Now that you know about some of the concerns with the gluten free diet, let’s ease those concerns by  turning the aforementioned points from Consumer Reports into positives:

  1. Make your diet more nutritious!  Gluten free can be low in vitamin B, folic acid, iron, fiber and protein (in particular).  Some people with celiac disease are low in vitamin D too. Because you are removing the fortified cereals and breads from your diet, you need to find the nutrients elsewhere.  Most processed gluten-free products are not going to be the answer.   WebMD had a great list of food sources for good nutrition.  Please keep in mind it is not a gluten-free listing, so when it mentions whole grains– you should be thinking about sorghum, quinoa, gluten-free oats, teff, etc.  And when it mentions oats, you should be thinking about gluten-free oats.
    B vitamins:  You can find different B vitamins in a lot of foods, from chicken and fish to chickpeas and potatoes
    Folic Acid: Dark leafy green vegetables
    Iron: Beans, lentils, beef, turkey (dark meat).  The University of Chicago also adds:  liver, fish including clams, mussels and oysters to the list.
    Fiber:  CeliacDisease.about.com had a great article on ideas for fiber intake for gluten-free eaters.  The options span from chickpeas to almonds and even high-fiber gluten-free grains like gluten-free oats (if tolerated), buckwheat, millet and amaranth.
    Protein: Meat, poultry, fish, nuts and seeds (like almonds), beans and tuna. *Source: Choosemyplate.gov
  2. Lessen your exposure to arsenic.  Arsenic levels in rice is concerning.  I have written three articles on the subject:
    Should gluten-free folks be worried about arsenic found in rice? Sept. 20, 2012
    New developments in arsenic in rice–FDA investigation  Sept.6, 2013
    Studies consider gluten-free eaters in arsenic in rice investigation November 3, 2014
    Reduce your exposure to rice.  Find a different cereal in the morning, switch out rice for a potato or quinoa at dinner.  Look for baking mixes where rice is not a primary ingredient.
  3. You might gain, lose or maintain your weight.  It honestly may purely depend on your own body and what you are eating.  If you have celiac disease and are underweight, you may want to gain weight.  If you are overweight, going gluten-free may not magically make you skinnier.  However, when you go gluten-free if you shop for whole, one-ingredient foods instead of buying processed gluten-free cookies, cakes and toaster pastries, you will be better off and could lose some weight simply because you are eating foods that are better for you.

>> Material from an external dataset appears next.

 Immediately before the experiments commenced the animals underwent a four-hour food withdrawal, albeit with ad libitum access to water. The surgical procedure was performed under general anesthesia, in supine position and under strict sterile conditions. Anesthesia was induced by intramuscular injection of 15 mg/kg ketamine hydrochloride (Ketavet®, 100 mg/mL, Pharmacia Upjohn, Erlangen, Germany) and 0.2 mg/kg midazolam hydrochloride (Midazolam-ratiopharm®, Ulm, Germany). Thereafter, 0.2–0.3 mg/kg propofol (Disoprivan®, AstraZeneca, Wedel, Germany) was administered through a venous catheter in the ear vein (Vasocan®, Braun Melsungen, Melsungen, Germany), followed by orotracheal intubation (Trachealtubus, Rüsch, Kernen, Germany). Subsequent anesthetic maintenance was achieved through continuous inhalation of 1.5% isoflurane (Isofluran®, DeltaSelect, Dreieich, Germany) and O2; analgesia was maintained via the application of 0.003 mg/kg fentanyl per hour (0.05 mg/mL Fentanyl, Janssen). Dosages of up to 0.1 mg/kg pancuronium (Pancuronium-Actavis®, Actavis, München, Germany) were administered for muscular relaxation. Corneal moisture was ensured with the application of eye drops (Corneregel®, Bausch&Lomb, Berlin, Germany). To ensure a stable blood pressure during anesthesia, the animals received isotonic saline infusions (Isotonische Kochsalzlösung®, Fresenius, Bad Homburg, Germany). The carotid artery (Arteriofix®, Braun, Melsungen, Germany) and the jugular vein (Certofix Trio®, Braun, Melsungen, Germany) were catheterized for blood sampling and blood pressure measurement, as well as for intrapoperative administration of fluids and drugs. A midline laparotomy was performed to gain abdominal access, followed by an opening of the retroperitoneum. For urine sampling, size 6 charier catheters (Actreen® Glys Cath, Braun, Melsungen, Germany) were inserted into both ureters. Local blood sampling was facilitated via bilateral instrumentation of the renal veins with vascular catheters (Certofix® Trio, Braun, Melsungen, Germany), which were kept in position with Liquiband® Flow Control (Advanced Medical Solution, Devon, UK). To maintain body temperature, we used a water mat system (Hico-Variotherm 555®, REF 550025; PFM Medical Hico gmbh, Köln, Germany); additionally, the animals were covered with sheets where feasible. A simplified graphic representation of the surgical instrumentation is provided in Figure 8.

    For people with celiac who have a damaged gut, gaining weight is a possibility because your gut is healing and absorbing nutrients again.

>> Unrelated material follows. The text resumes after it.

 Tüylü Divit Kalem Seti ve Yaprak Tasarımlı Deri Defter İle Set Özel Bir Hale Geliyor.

  4. You can eat gluten free and stay on a budget. A few tips here (see point 3).  Buying real food when it is in season is when you can save the most money on produce.  As for breads etc, I would highly recommend checking out Nicole Hunn’s first Gluten-Free on a Shoestring book.  It was GREAT at helping you understand that if you make your own breads, you can save $$.
  5. You can diagnose a serious health condition like celiac disease as long as you GET TESTED BEFORE GOING GLUTEN FREE.  If you think you have a problem with gluten, a simple blood test will be a starting point for you.  If you test positive for celiac via the blood test, you will likely need to confirm it with a biopsy/endoscopy of the small intestine.  You don’t want to mess with an autoimmune disease. GET TESTED!
  6. You can control your own food to decrease the chance of exposure to gluten. See our point 3 again, if you are worried about Consumer Reports’ point 6 above.  If you are in control of your own food and cooking and not buying processed foods, you will lessen your chance of getting gluten.

I want to stress the Consumer Reports article was well developed with accurate and thought-through points.  I thought it was great, and tapped a wide variety of reliable resources in our community.

I just think some headlines gave the gluten free diet a bit of a bad wrap. This post is aimed to make some points to empower the gluten-free eater and not make them feel badly about it.